Clinical characteristics of the patients. (a) Age and gender. (b) Clinical diagnoses of the patients with somatic diagnoses. (c) Triggering and coexisting illnesses in PPPD patients. BPPV, benign paroxysmal positional vertigo; BV, bilateral vestibulopathy; CV, central vertigo; MD, Meniere's disease; MultD, multisensory deficit; sync, syncope; VitB12, vitamin B12 deficiency; VM, vestibular migraine; VN, vestibular neuritis; VP, vestibular paroxysmia; VS, vestibular schwannoma

Totally, 305 patients (46.4%) met the criteria for PPPD. In about one third of these patients, triggering and coexisting illnesses could be defined. Most of these were benign paroxysmal positional vertigo and vestibular neuritis (Figure 1c). The other 352 patients had primarily somatic diagnoses. Most of these diagnoses were multisensory deficit, vestibular neuritis, and Meniere's disease (Figure 1b). Table 2 shows the baseline characteristics of both patient groups. PPPD patients were younger than patients with somatic diagnoses and complained more distress due to dizziness. They had statistically significant higher scores in VVS, VSS‐A, and HADS anxiety.

Table 2

Baseline characteristics of both patient groups: age, visual analog scale of intensity of dizziness and distress by dizziness, Vertigo Severity Scale (VSS), and Hospital Anxiety and Depression Scale (HADS)

		Mean	SD	Significance
Age	PPPD	50.4	14.0	p < .001
	Other	63.9	13.2
Intensity	PPPD	5.0	2.0	p = .609
	Other	5.1	2.1
Distress	PPPD	6.0	2.2	p = .026
	Other	5.6	2.2
VSS‐V	PPPD	12.0	8.7	p = .052
	Other	10.6	8.6
VSS‐A	PPPD	15.6	10.7	p < .001
	Other	11.9	9.7
VSS	PPPD	28.0	16.9	p < .001
	Other	22.6	15.2
HADS anxiety	PPPD	7.8	4.2	p < .001
	Other	6.0	3.8
HADS depression	PPPD	6.5	4.1	p = .054
	Other	5.8	3.9

Four hundred and eighteen patients (63.6%) completed the follow‐up questionnaire six months after attendance of the therapy week with 183 PPPD patients and 235 patients with other somatic diagnoses.

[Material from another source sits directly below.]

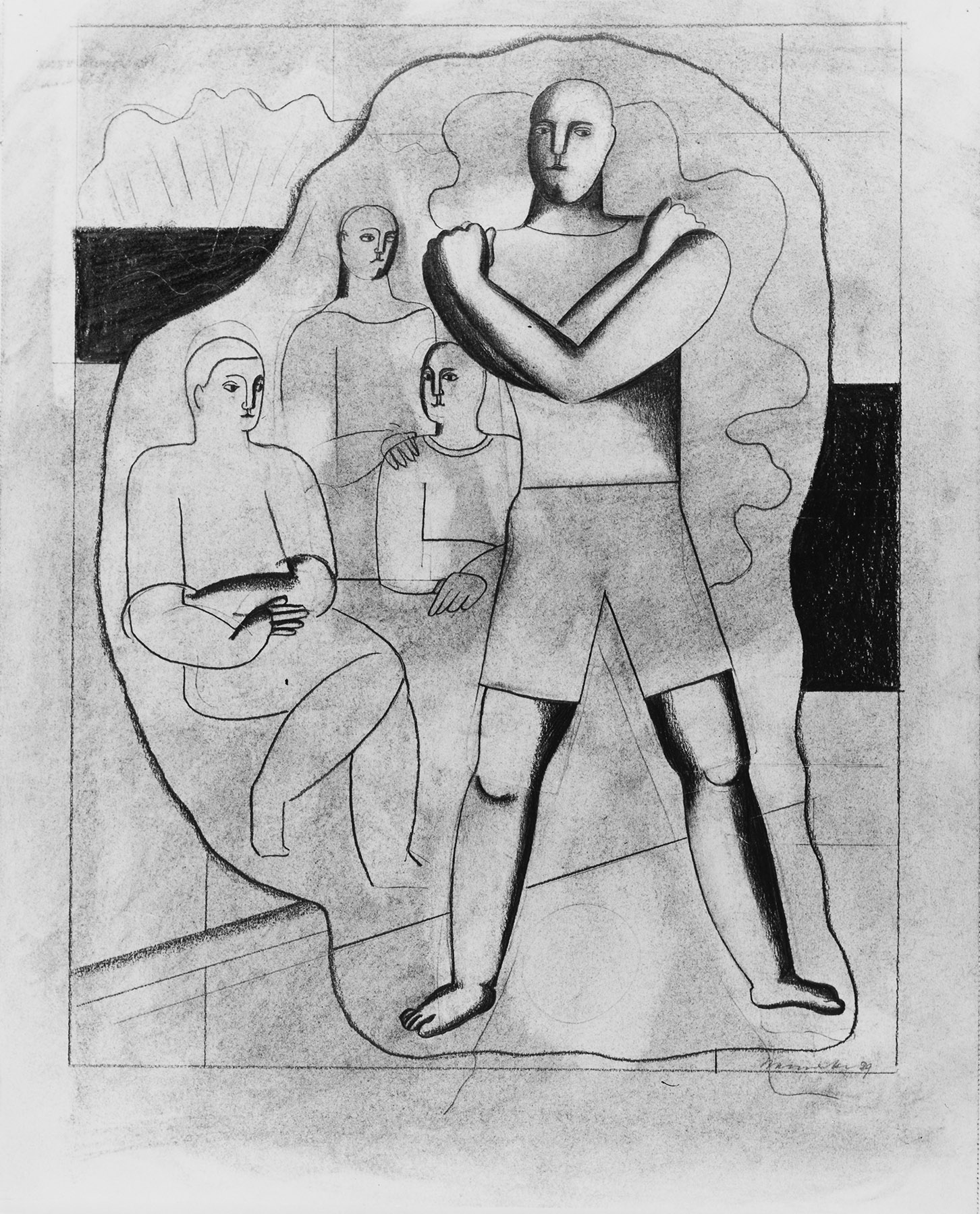 Kohle, gewischt, Bleistift, Ritzkonturen (Pentimenti), fixiert, Einfassungslinien, auf chamoisfarbigem, am Rand l., o. und r. perforiertem Zeichenkarton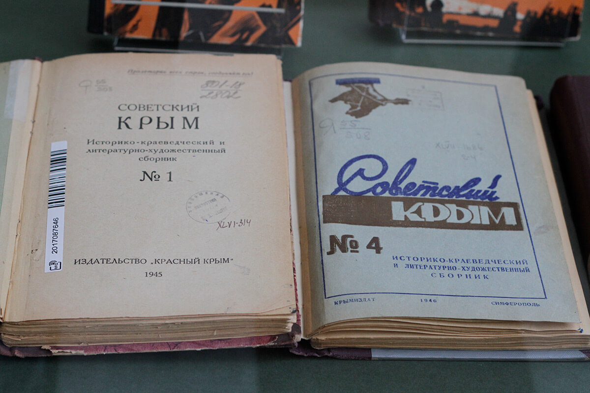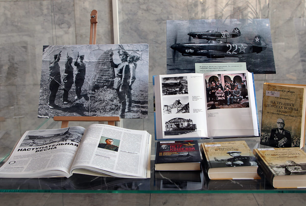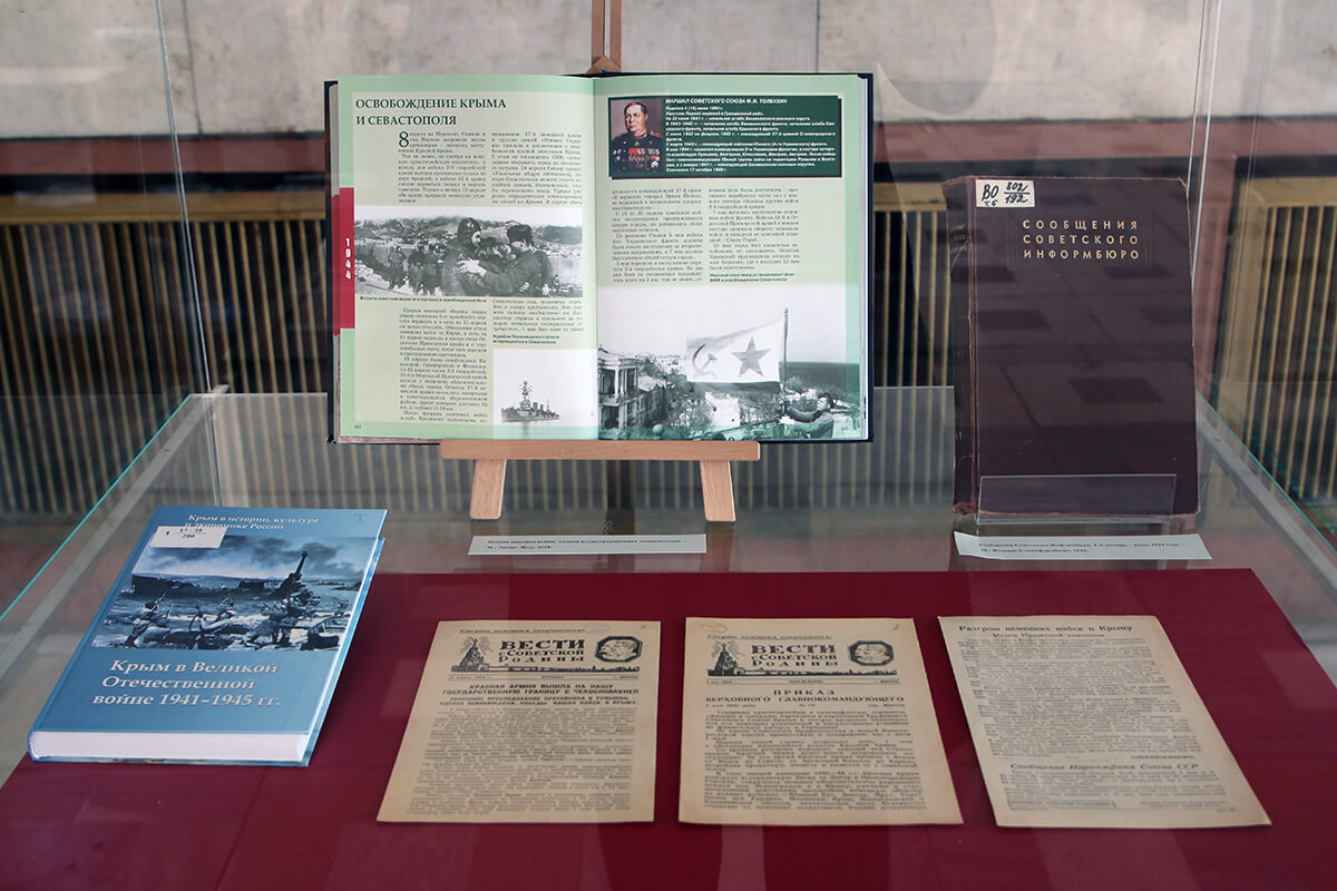 На юбилейной выставке представлены документы военного времени: оперативные сводки Советского Информбюро 1944 года; «Вести с Советской Родины» — информационные листки, издаваемые Главным Политуправлением Красной Армии во время военных действий для массового распространения; директивные документы Генерального штаба 1944 года из серии «Русский архив». В экспозицию вошли опубликованные в наши дни труды энциклопедического характера. Особый интерес представляют мемуары Александра Михайловича Василевского, Андрея Ивановича Ерёменко, Николая Герасимовича Кузнецова — военачальников, проводивших Крымскую операцию, — и издания военных историков о Фёдоре Ивановиче Толбухине, Якове Григорьевиче Крейзере, Иване Ефимовиче Петрове и других.

Table 3 shows the pre‐ and post‐treatment scores of both patient groups, as well as the mean differences between pre‐ and post‐treatment. Both groups showed significant changes in VSS, HADS anxiety, intensity, and distress. The PPPD patients generally showed a tendency toward a greater improvement compared to patients with somatic diagnoses. However, only the change in VSS‐A reached statistical significance (p = .002).

Table 3

Mean scores of visual analog scale of intensity of dizziness and distress by dizziness, Vertigo Severity Scale (VSS), and Hospital Anxiety and Depression Scale (HADS) of the 418 patients with pretreatment (pre) and post‐treatment follow‐up data six months after attendance of the therapy week (post). 183 patients met the diagnosis criteria of PPPD, and 235 patients had other somatic diagnoses

			Mean	SD	Mean of paired differences	SD	Significance
Intensity	PPPD	Pre	4.8	1.9	0.6	2.1	<0.001
		Post	4.3	1.5
	Other	Pre	5.1	2.1	0.5	2.0	<0.001
		Post	4.5	2.1
Distress	PPPD	Pre	5.7	2.1	1.1	2.6	<0.001
		Post	4.6	2.3
	Other	Pre	5.5	2.1	0.6	2.5	<0.001
		Post	4.9	2.4
VSS‐V	PPPD	Pre	11.7	8.4	2.5	9.1	<0.001
		Post	9.2	8.3
	Other	Pre	10.7	8.3	2.4	10.8	0.001
		Post	8.3	8.6
VSS‐A	PPPD	Pre	15.0	10.7	2.3	8.8	<0.001
		Post	12.7	9.8
	Other	Pre	11.8	9.2	−0.2	7.9	0.672
		Post	12.0	9.0
VSS	PPPD	Pre	26.7	16.7	4.8	15.3	<0.001
		Post	21.9	16.7
	Other	Pre	22.5	14.5	2.2	15.1	0.026
		Post	20.3	15.0
HADS anxiety	PPPD	Pre	7.7	4.0	0.6	3.5	0.016
		Post	7.0	4.2
	Other	Pre	6.0	3.8	0.4	3.3	0.044
		Post	5.5	3.8
HADS depression	PPPD	Pre	6.3	4.1	0.5	3.5	0.059
		Post	5.8	4.0
	Other	Pre	5.8	3.8	0.1	2.8	0.784
		Post	5.7	3.6

DISCUSSION

A major advantage of the PPPD concept is that it is a priori not necessarily connected to a specified underlying psychological process, and may be present alone or coexist with other conditions. In addition, a multifactorial pathophysiological concept is conjoined to PPPD (Seemungal & Passamonti, 2018).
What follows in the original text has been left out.